**REQUIRED WORK**
Somewhere below are a line with "近日,学校2023年度廉洁文" and a later line with "К документам, сформированным". Output exactly those lines and all lines between them.

**DATA FOR REVIEW**
------------------------------------------------------------------------
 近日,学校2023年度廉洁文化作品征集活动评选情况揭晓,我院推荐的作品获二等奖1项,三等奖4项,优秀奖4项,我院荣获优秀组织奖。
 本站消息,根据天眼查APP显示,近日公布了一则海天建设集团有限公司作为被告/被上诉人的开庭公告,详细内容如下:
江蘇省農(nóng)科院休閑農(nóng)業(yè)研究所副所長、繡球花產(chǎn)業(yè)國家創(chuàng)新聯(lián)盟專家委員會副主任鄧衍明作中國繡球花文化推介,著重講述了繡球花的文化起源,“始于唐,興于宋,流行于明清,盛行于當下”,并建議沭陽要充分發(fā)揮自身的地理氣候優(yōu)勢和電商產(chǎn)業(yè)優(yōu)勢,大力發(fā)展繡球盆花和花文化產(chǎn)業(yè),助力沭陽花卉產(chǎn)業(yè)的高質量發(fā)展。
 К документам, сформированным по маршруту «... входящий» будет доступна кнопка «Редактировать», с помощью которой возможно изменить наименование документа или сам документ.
------------------------------------------------------------------------
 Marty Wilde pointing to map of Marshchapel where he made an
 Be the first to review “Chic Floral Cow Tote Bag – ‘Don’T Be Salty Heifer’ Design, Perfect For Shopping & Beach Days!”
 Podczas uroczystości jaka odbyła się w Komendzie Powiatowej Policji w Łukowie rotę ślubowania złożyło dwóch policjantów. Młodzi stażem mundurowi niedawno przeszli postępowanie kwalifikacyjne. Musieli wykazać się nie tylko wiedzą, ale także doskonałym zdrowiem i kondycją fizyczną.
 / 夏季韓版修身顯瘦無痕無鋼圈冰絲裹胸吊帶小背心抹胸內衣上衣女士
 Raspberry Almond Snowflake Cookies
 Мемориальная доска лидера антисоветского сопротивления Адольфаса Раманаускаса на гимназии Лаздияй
------------------------------------------------------------------------
**COMPLETED TASK**
 近日,学校2023年度廉洁文化作品征集活动评选情况揭晓,我院推荐的作品获二等奖1项,三等奖4项,优秀奖4项,我院荣获优秀组织奖。
 本站消息,根据天眼查APP显示,近日公布了一则海天建设集团有限公司作为被告/被上诉人的开庭公告,详细内容如下:
江蘇省農(nóng)科院休閑農(nóng)業(yè)研究所副所長、繡球花產(chǎn)業(yè)國家創(chuàng)新聯(lián)盟專家委員會副主任鄧衍明作中國繡球花文化推介,著重講述了繡球花的文化起源,“始于唐,興于宋,流行于明清,盛行于當下”,并建議沭陽要充分發(fā)揮自身的地理氣候優(yōu)勢和電商產(chǎn)業(yè)優(yōu)勢,大力發(fā)展繡球盆花和花文化產(chǎn)業(yè),助力沭陽花卉產(chǎn)業(yè)的高質量發(fā)展。
 К документам, сформированным по маршруту «... входящий» будет доступна кнопка «Редактировать», с помощью которой возможно изменить наименование документа или сам документ.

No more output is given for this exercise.